Records contained in a dataset:
------------------------------------------------------------------------

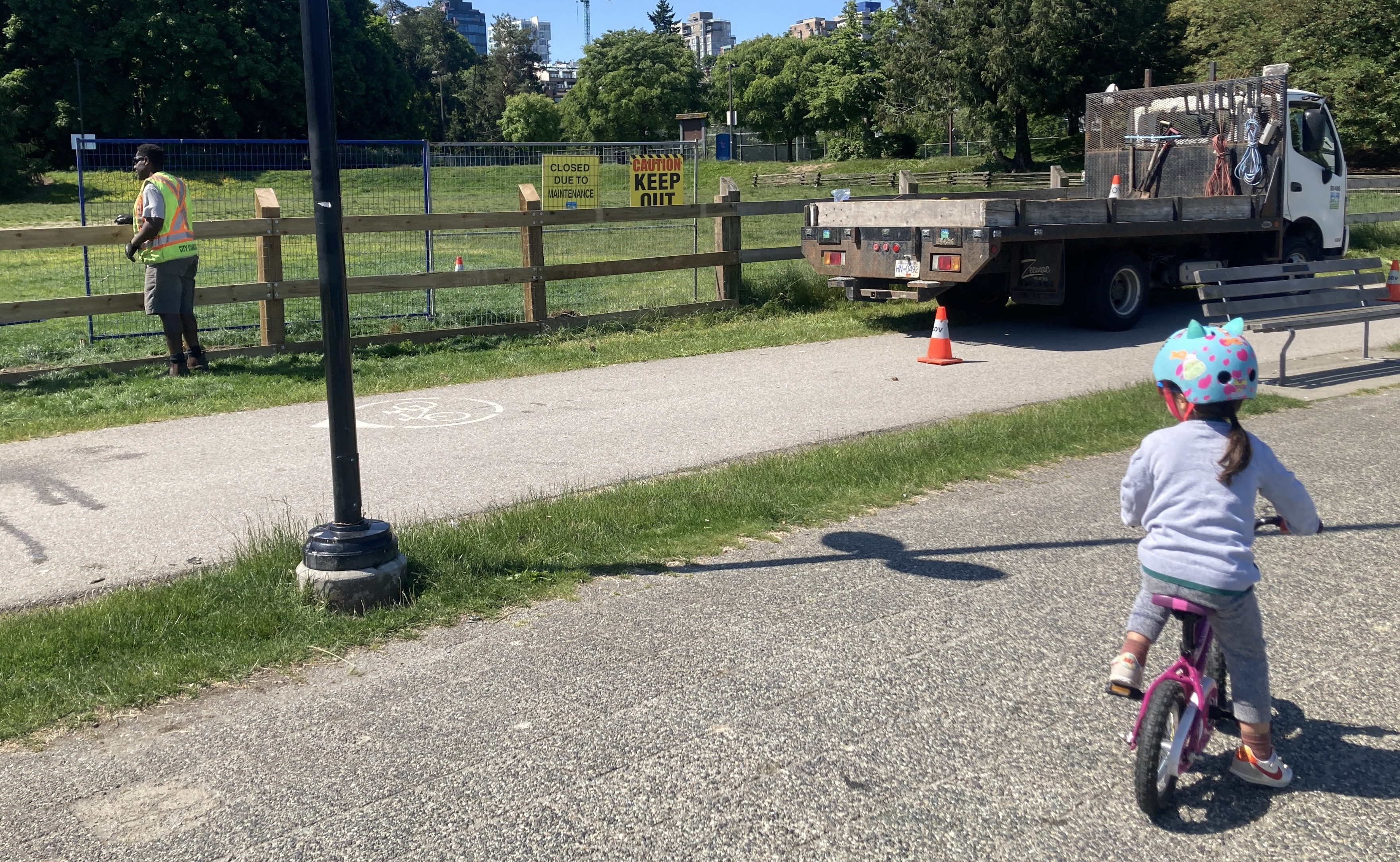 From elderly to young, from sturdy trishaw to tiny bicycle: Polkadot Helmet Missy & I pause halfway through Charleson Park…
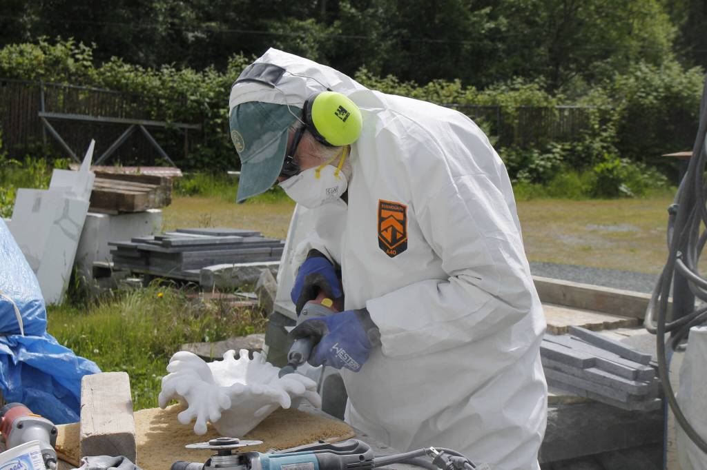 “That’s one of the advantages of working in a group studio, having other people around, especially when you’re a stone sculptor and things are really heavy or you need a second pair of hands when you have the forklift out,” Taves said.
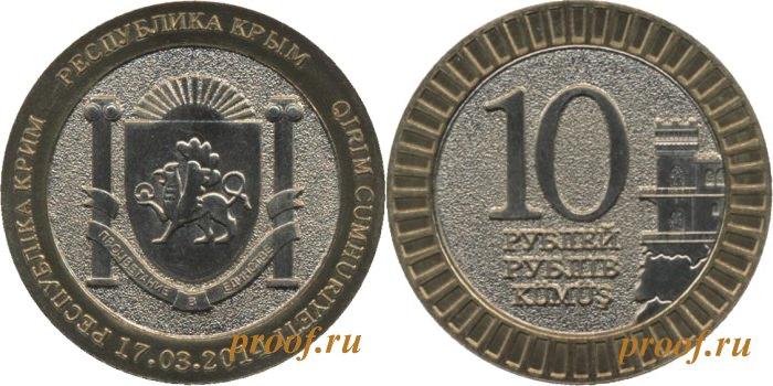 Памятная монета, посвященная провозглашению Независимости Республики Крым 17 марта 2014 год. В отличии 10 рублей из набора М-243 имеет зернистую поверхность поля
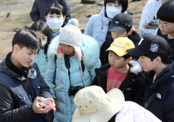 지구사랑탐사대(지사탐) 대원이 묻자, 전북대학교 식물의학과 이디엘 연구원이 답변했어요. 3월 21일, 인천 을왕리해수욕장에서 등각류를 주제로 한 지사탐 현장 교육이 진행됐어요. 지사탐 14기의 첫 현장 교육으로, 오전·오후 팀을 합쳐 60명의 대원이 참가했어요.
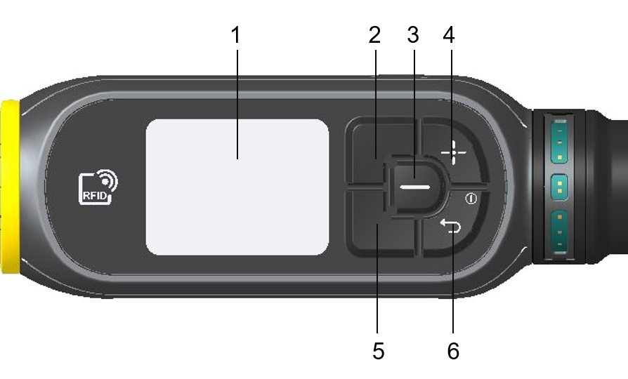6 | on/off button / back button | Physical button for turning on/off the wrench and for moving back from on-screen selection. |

------------------------------------------------------------------------

Task goal: Leaving out the pictures, repeat the data above exactly.

Completed exercise:
 From elderly to young, from sturdy trishaw to tiny bicycle: Polkadot Helmet Missy & I pause halfway through Charleson Park…
 “That’s one of the advantages of working in a group studio, having other people around, especially when you’re a stone sculptor and things are really heavy or you need a second pair of hands when you have the forklift out,” Taves said.
 Памятная монета, посвященная провозглашению Независимости Республики Крым 17 марта 2014 год. В отличии 10 рублей из набора М-243 имеет зернистую поверхность поля
 지구사랑탐사대(지사탐) 대원이 묻자, 전북대학교 식물의학과 이디엘 연구원이 답변했어요. 3월 21일, 인천 을왕리해수욕장에서 등각류를 주제로 한 지사탐 현장 교육이 진행됐어요. 지사탐 14기의 첫 현장 교육으로, 오전·오후 팀을 합쳐 60명의 대원이 참가했어요.
6 | on/off button / back button | Physical button for turning on/off the wrench and for moving back from on-screen selection. |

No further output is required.